Franklin Circuit Judge Thomas Wingate denied alleged “Pappygate” ringleader Gilbert “Toby” Curtsinger’s motion to suppress evidence in April of this year, which the five barrels of Wild Turkey bourbon sheriff detectives found on his property almost two years ago.
One of the most notorious bourbon heists in Kentucky’s history hit a turning point in April, as Curtsinger’s defense attorney Whitney True Lawson have argued for most of 2016 on the issue of whether detectives had legal standing to recover the evidence and search the property after they spotted bourbon barrels behind Curtsinger’s property in 2015.
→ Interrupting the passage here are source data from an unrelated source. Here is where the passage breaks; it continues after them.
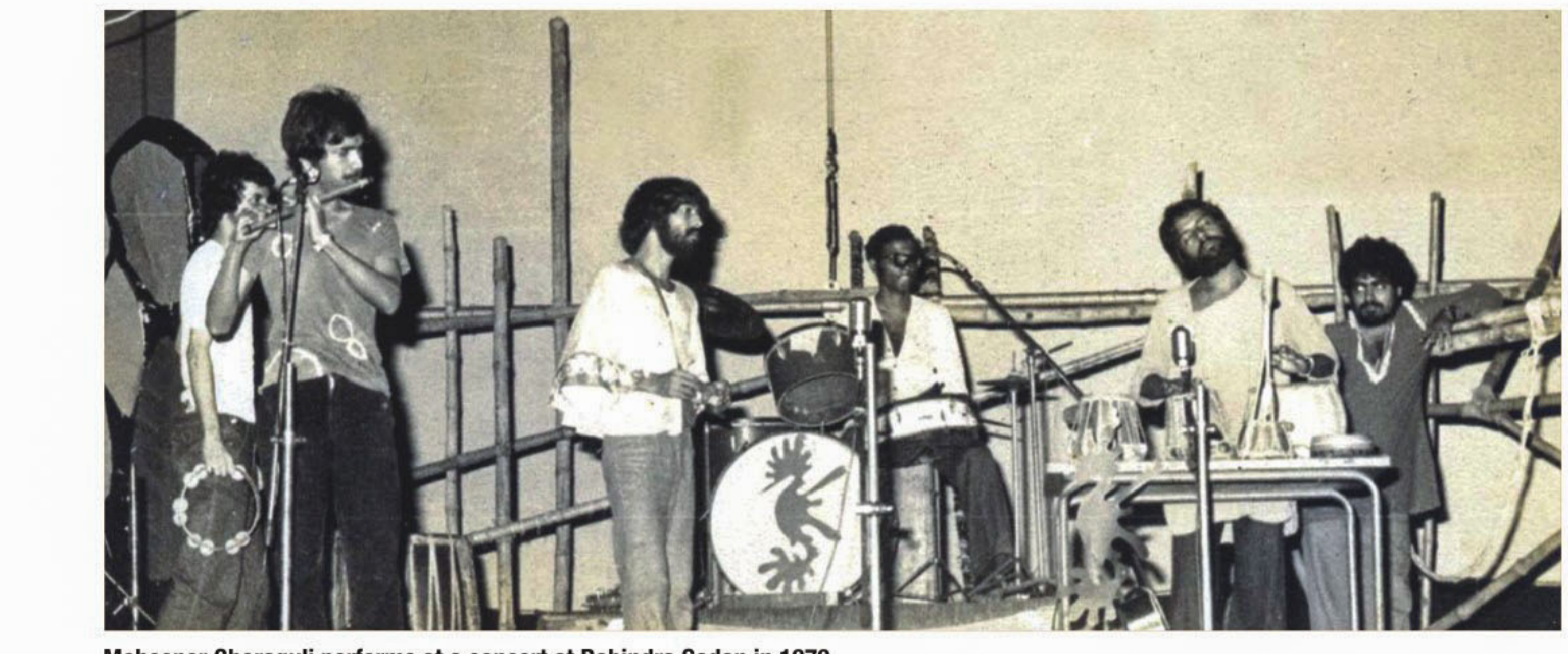
Moheener Ghoraguli performs at a concert at Rabindra Sadan in 1979.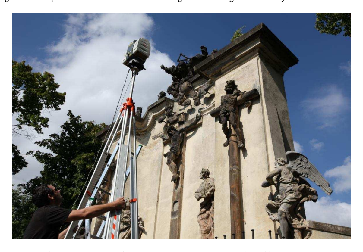
Figure 2: Laser scanning system Leica HDS3000: scanning of baroque statue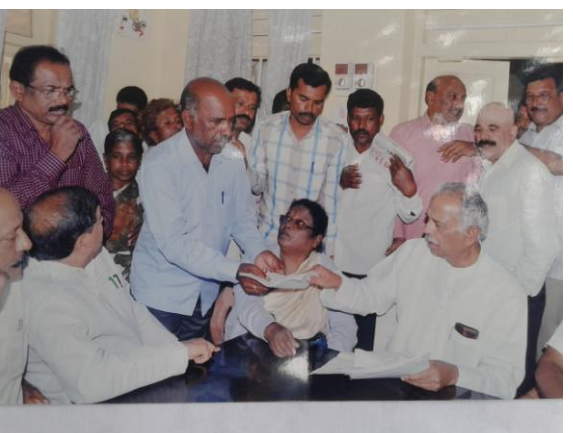
Press meet conducted on BHC and FRC and memorandum submitted to MLA, Revenue Ministers and Government officers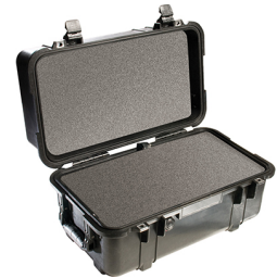
1460WF With Foam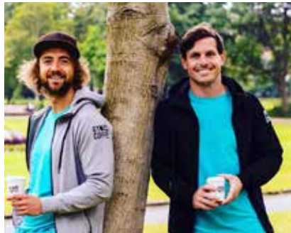
6 months in business was a big one!

We still get so excited everytime you guys like our posts. Thanks for all the support!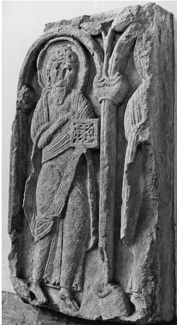
Fig. 11. Ecclesiastic or Apostle figure, probably from a shrine or sarcophagus from Castor.

their decoration and fittings – as certainly is the case at Repton – and the remarkable group of figural panels and friezes (mentioned above), centred on Peterborough, and reflected at Breedon, Castor and Fletton, with, most recently, the sculptured shrine at Lichfield (Rodwell et al. 2008). The style of these panels, sarcophagi and friezes were something totally new in Anglo-Saxon art, and I

Wingate issued the order denying the motion to suppress the evidence. Lawson had won a limited hearing for the motion in November, but Wingate ruled Curtsinger’s privacy rights had not been violated and detectives’ search warrants weren’t overbroad.
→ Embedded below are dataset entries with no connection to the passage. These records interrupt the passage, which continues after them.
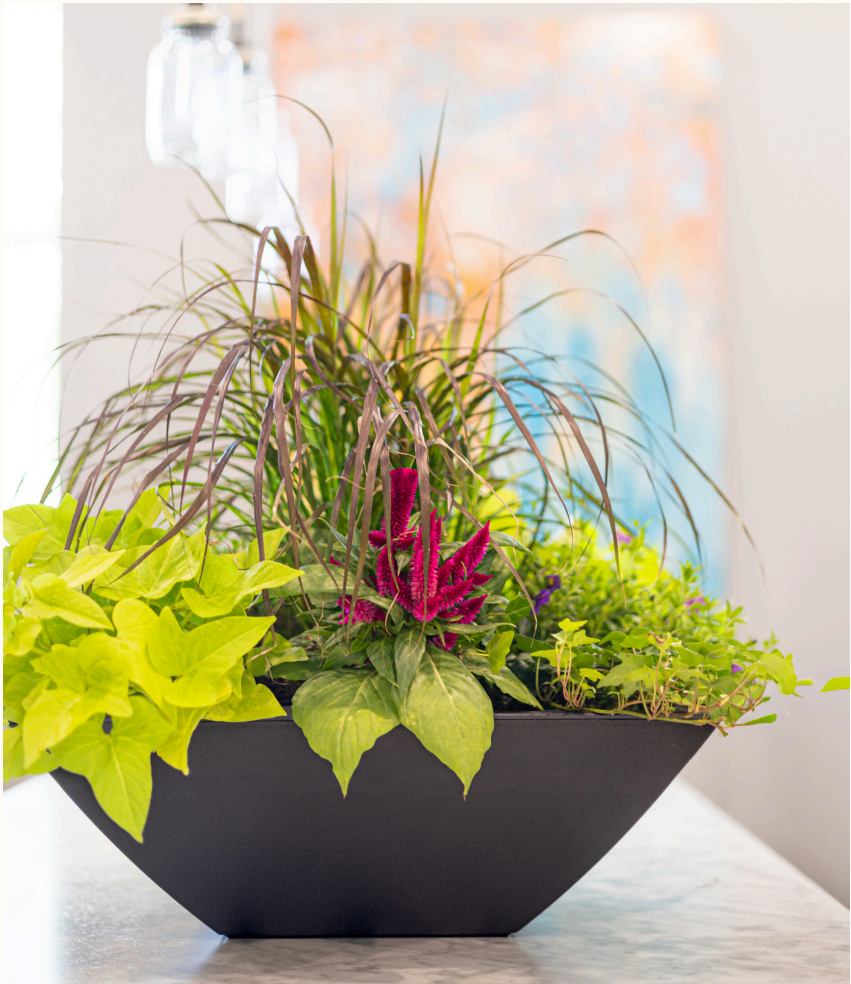
Evolve Square Bowl Planter

Dimensions: 14.5" x 14.5" x 24" Product Weight: 7 lbs. Soil Capacity: 24 Gal Included: Planting Shelf Drip Tray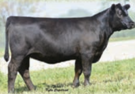
BC BONAFIDE - Daughter of Lot 36.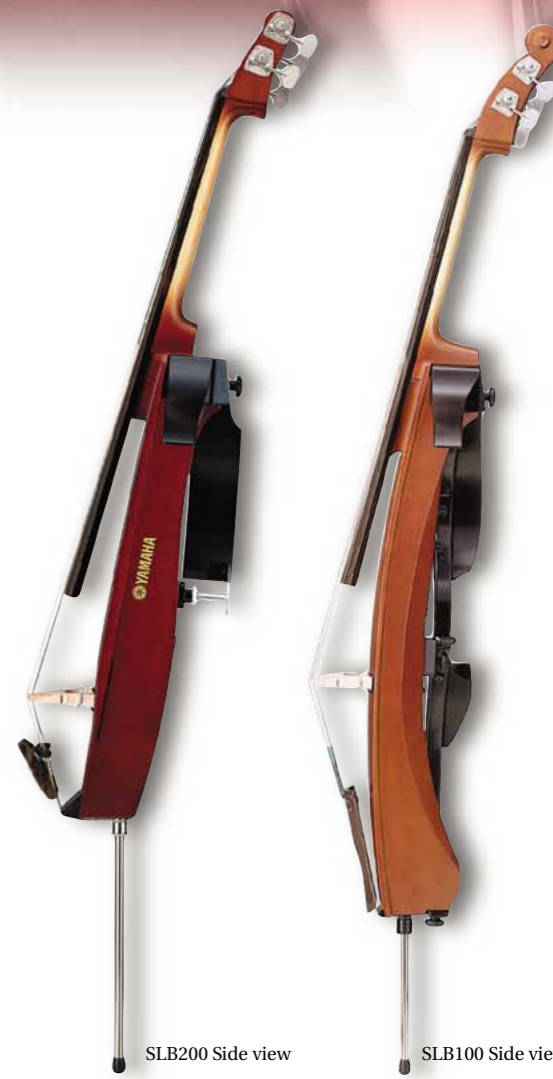
SLB200 Side view

Michael Brecker Quartet, Mike Stern Band, and his own band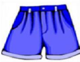
4. S _____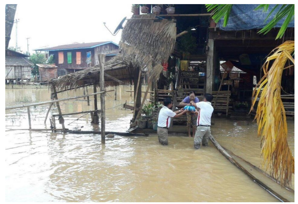
Figure: Donation activity for the flood in Mon State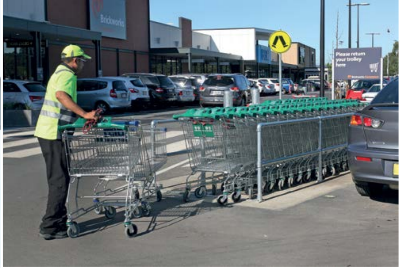
Below Moddex provided flexible and cost-effective Tuffstop Trolley Bays for Brickworks Marketplace.

As a recognised leader in paving and retaining walls, Boral Roofing & Masonry were the obvious choice when it came to constructing the retaining wall at the Brickworks Marketplace.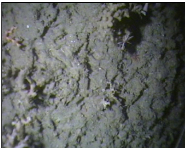
Figure 1: Detail of retired coral carbonate mound showing coral rubble habitats distinct from off-mound habitats. Picture for a north Porcupine Bank coral carbonate mound, September 2008

Some coral carbonate mounds do not support live coral reefs, and typically have low abundances of filter feeding benthos. Research is at an early stage but it is thought that unfavourable hydrodynamic conditions at these so called 'retired mounds' cause limited food supply or excessively strong currents lead to erosion of the coral framework. While some of these retired mounds are in the process of being buried and covered by thick layers of sediment (De Mol et al. , 2005), others appear more speciose than surrounding seabed areas by offering distinct coral rubble and hardground habitats that in some cases is even more biodiverse than live coral habitats (Jensen & Frederiksen, 1992, Mortensen et al. , 1995). The sponge assemblage diversity has been negatively correlated with live coral cover (van Soest et al. , 2007). Hence, the absence of live coral reefs does not make coral carbonate mounds less significant in terms of conservation priorities.

In 2013, Buffalo Trace Distillery reported 65 cases of the rare Pappy Van Winkle Family Reserve 20 year and nine cases of Van Winkle Family Reserve Rye stolen. At the time, it was considered an inside job and there was another lead of cooked inventory books involving two individuals that were never charged.
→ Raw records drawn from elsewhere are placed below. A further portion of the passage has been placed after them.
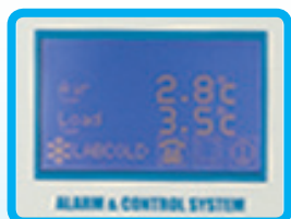
Hygienic touch screen controller

Fitted with a Dual Compressor to ensure greater temperature control and peace of mind in the event of failure of one of the systems. Each complete refrigeration system provides 100% performance, sufficient to cool down and maintain temperatures correctly without help from the second compressor.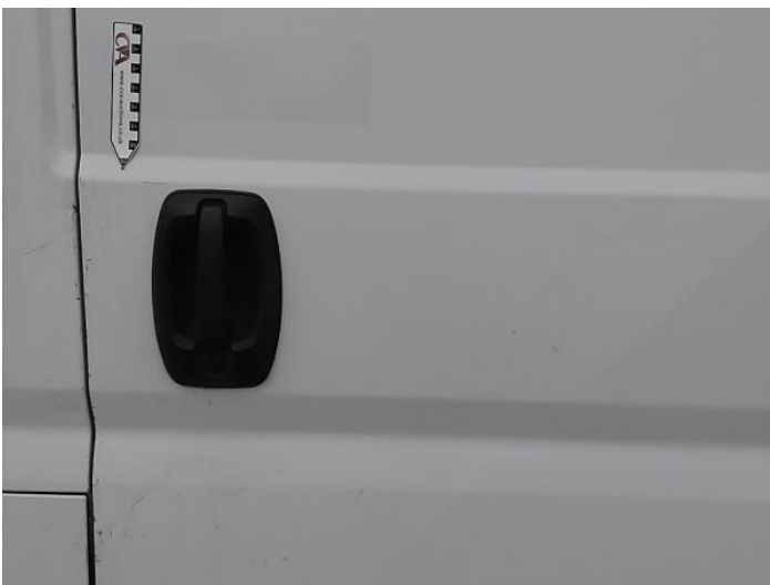
13: Door nsr Scratched UpTo 25mm Thru Paint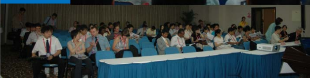
ISPRS Working Week (1st/2nd) 3-8 May 2008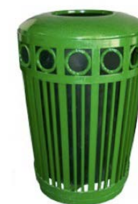
3. Contemporary Metal Option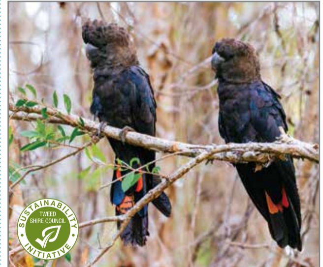
Come along to the free workshop to find out how you can join the count and protect these birds in the Tweed.

Visit glossyblack.org.au/great-glossy-count to find out more and register for either event.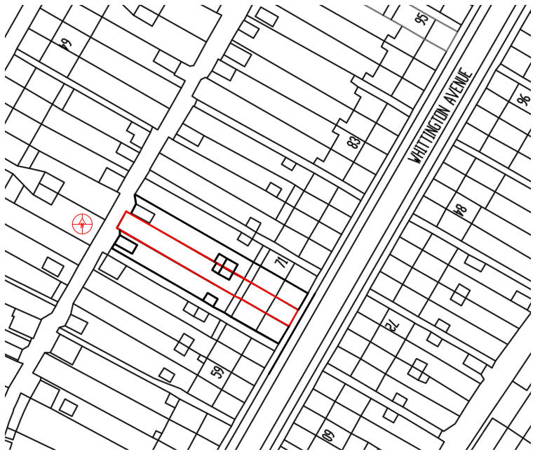
02 - OS MAP

During the hearing on True’s motion to suppress in November, sheriff’s detective Jeff Farmer, former Chief Deputy Ron Wyatt, former sheriff’s detective Rick Qualls and Curtsinger’s mother-in-law Irene McKinney, testified during the suppression hearing.
At issue was whether the detectives encroached upon Curtsinger’s expectation of privacy when they observed the barrels from commercial property off of a gravel road near his home, violated his constitutional right to privacy and whether the search warrants were too broad.
McKinney testified she had seen detectives on the property, as she resides across the road.
Wingate’s order concluded Curtsinger had no constitutional standing to challenge the five barrels detectives recovered on his property spray painted black to cover any distinguishing distillery markings.
According to law, Curtsinger carried the burden to prove his Fourth Amendment right to privacy had been violated.
Wingate concluded that expectation of privacy didn’t exist where the barrels were discovered nor were the detectives in violation given “the unmaintained, forested area land in which the officers viewed the barrels were open fields,” the order states. “The officers were in the wooded area, an open field for the sake of legal analysis, when they observed the bourbon barrels.”
True argued in the November hearing that the detectives’ search warrants lacked probable cause based on the inaccuracy of the anonymous tip, which stated the barrels were near the house on a concrete slab.
The original indictees have all pleaded out and agreed to assist in the prosecution and investigation of the case with the exception of Julie Curtsinger’s father, Robert McKinney. His charges were dropped. Wife Julie Curtsinger entered a plea of guilty according to North Carolina vs. Alford deal to possession of drug paraphernalia, a Class A misdemeanor, and second-degree, first offense possession of a controlled substance for anabolic steroids.
The order leaves Curtsinger the option of a plea deal or trial. No motions have been filed by Searcy’s attorney, William Johnson or locally known Big Bill Johnson.